> Problem to work on
Write out the line that holds "寺沢 光絋さんの天格は23画の5点!" together with every line that follows it to the end of the material below, exactly. Omit the pictures.

> Recorded information
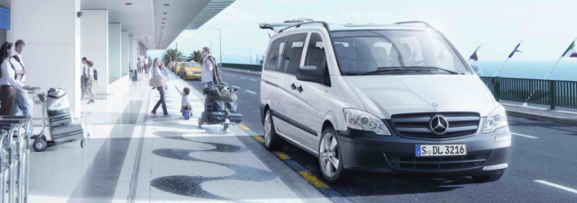 Ob als Hotelzubringer, Flughafenshuttle, Großraumtaxi - der Vito Shuttle kombiniert eine umfangreiche Komfort-Ausstattung mit großzügigen Platzverhältnissen und hohem Praxisnutzen. Damit eignet er sich vorzüglich für professionelle Personenbeförderung auf Kurz- und Langstrecken. Elegante Aluminiumräder, Stoßstangen und Stoßleisten in Wagenfarbe - der Vito Shuttle dokumentiert bereits auf den ersten Blick seinen gehobenen Komfortstandard. Der Fahrgastraum verwöhnt die Passagiere mit großzügigen Platzverhältnissen. Serienmäßig verfügt der Vito Shuttle im Fond über eine Zweiersitzbank in der ersten und eine Dreiersitzbank in der zweiten Reihe. Alle Plätze sind als Einzelsitze mit verstellbarer Rückenlehne ausgeführt; heruntergeklappt dienen die Lehnen als Tisch. Alternativ ist die zweite Reihe ebenfalls mit Dreierbestuhlung zu bekommen. Die Fondsitze sind mit Dreipunkt-Sicherheitsgurten, Isofix-Kindersitzbefestigungen und Komfort-Kopfstützen ausgestattet. Vollverkleidungen von Seitenwänden und Dach sowie ein Teppichboden schaffen im Fahrgastraum ein wohnliches und angenehmes Ambiente. Gepäck wird im geräumigen Stauraum hinter der zweiten Sitzreihe verstaut. Zur Vergrößerung des Gepäckabteils ist die zweite Reihe klapp- und wickelbar. Die Fahrgäste des Mercedes-Benz Vito Shuttle profitieren darüber hinaus vom neu entwickelten Komfortfahrwerk des Vito.
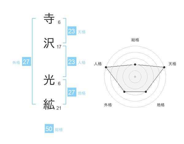 寺沢 光絋さんの天格は23画の5点!
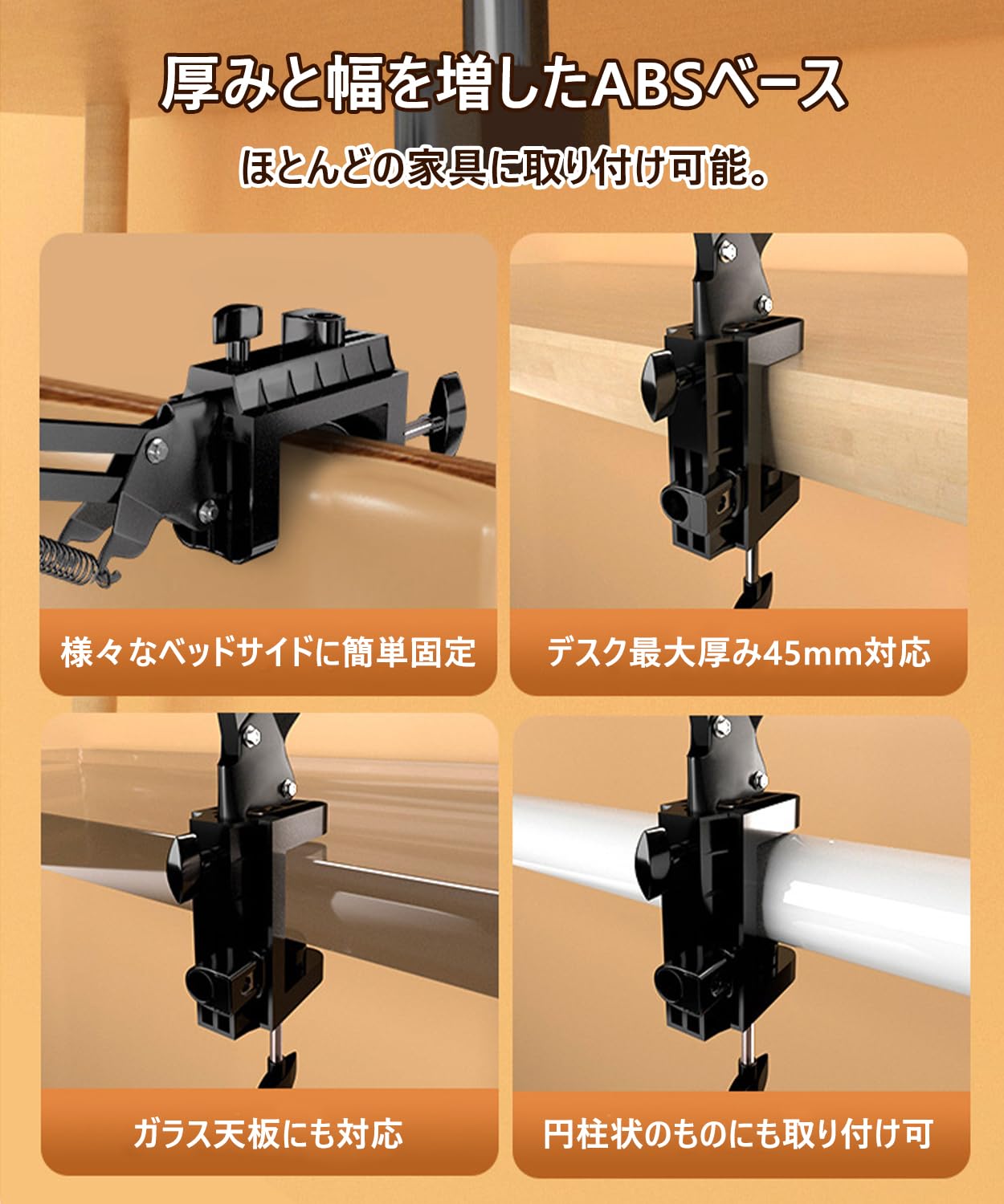 Aquafix タブレット スタンド 炭素スチール製 スマホスタンド スマホアーム 寝ながらタブレット アーム 4-12.9インチ対応 折り畳み式 360°回転 自由角度調整 ベッドサイド取付 揺れない 多機種対応(ブラック)

> Expected answer
 寺沢 光絋さんの天格は23画の5点!
 Aquafix タブレット スタンド 炭素スチール製 スマホスタンド スマホアーム 寝ながらタブレット アーム 4-12.9インチ対応 折り畳み式 360°回転 自由角度調整 ベッドサイド取付 揺れない 多機種対応(ブラック)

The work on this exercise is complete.